TILTON — Officer Elizabeth Murray booked a female shoplifting suspect in a hallway and then locked her in the lone holding cell at the police station last Thursday.
Nobody would design a modern police headquarters with only one cell, no booking room, insufficient air handling, unreinforced walls and windows and a tiny lobby with no public restroom — but those are just some of the issues Tilton officers deal with on a daily basis.
On March 14, Tilton voters will decide whether to raise $4.7 million through bonds to built a new police station to replace the current one, which opened in 1990 at 179 E. Main St. Four previous efforts to pass such a measure have failed since 2006.
In a separate vote, residents of Belmont will decide whether a new police station should be built in their town.
Lobby problem
Tilton Police Chief Robert Cormier said the lobby sometimes gets tight with people whose emotions are running high.
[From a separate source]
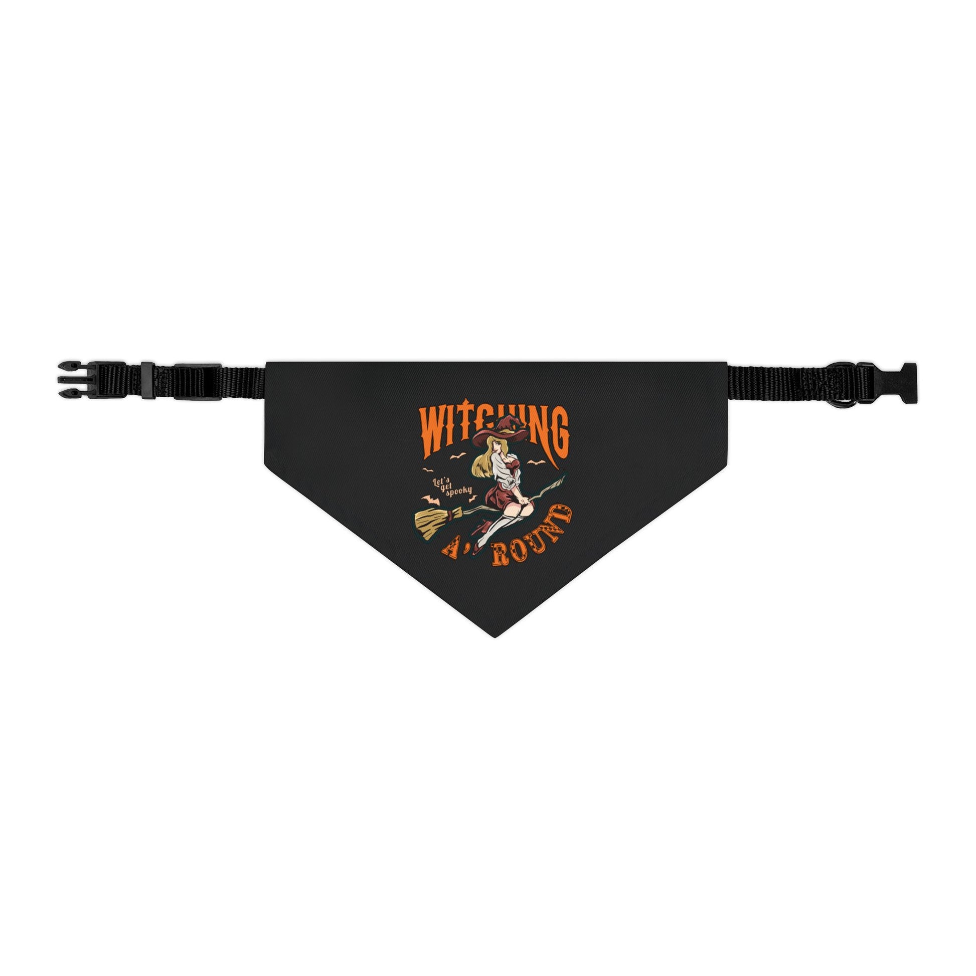 Dress up your furry friend in Halloween spirit with the "Witching A'Round" Black Pet Bandana Collar. Perfect for pets that love to get into the festive fun, this vibrant, single-sided bandana features a witchy design that adds a playful touch to your pet’s Halloween look. Made from durable polyester duck fabric, it is both stylish and practical, offering a comfortable fit with an adjustable black collar and secure plastic buckle.

The town had 713 arrests last year.
“It’s just really not a secure space, and it’s very small,” he said. “We’ve had domestics here. We had the wife come in to request help from the police and the ex follows her in, or they’re both in here and they are picking up a son who got arrested, and they get into a fight.
“Sometimes it gets really crowded in this little space because you’ll have multiple problems coming in from the lobby looking for help.”
Nearby is a hallway where officers book prisoners just steps away from the cell and an interview room.
“At times you’ll have someone getting booked here but it’s also the main entrance and exit for the employees,” Cormier said. “The new facility would have a dedicated, separate, secure booking room.”
Lone cell
Even in the “Andy Griffith Show” in the fictional small town of Mayberry, North Carolina, there were a couple of jail cells. Here there is one.
By law, male and female prisoners have to be kept separate, so the workaround is that one is placed in the cell and the other is put in an attached bathroom. An interview room is steps away. Voices carry and there’s little privacy.
“There really should be separate cells, especially if there are multiple arrests in a fight situation,” Cormier said. “You are essentially putting the people who were just fighting back in the same space.”
Juvenile detainees can’t be in the vicinity of adult prisoners.
“But we don’t have separate juvenile holding, so if a juvenile gets arrested and brought in here, they would essentially have to watch them in the patrol room; there’s no place to put them,” the chief said.
The tight quarters create safety concerns and pose distractions for members of the community who might have a meeting at the police station when an unruly prisoner is brought in.
Traffic issue
Another safety concern is the station’s location.
“It’s on a blind corner,” Cormier said. “There’s no sight distance, so when people come around the corner, within a matter of a few feet, they are on top of whoever is pulling in or out, so it’s really difficult, especially when you add snow and ice to the equation.”
At last year’s Town Meeting, voters approved an expenditure of $350,000 to purchase a 4.5-acre parcel on Sanborn Road from the Roman Catholic Diocese of New Hampshire to be used for a new police station. They also approved spending $194,500 for project design.
New station
The land for the new station is near the Tanger Outlets. A football field on the property would be re-situated.
Kevin LaChapelle, chairman of the Police Building Study Committee, said that, if voters approve the project, the tax increase on a $200,000 home would be an estimated $83.70 per year.
When the current station was built 30 years ago, Tilton was a sleepy town. Over the years, retail has taken hold in the area, which is served by Interstate 93, including big box retail, restaurants, and an outlet mall.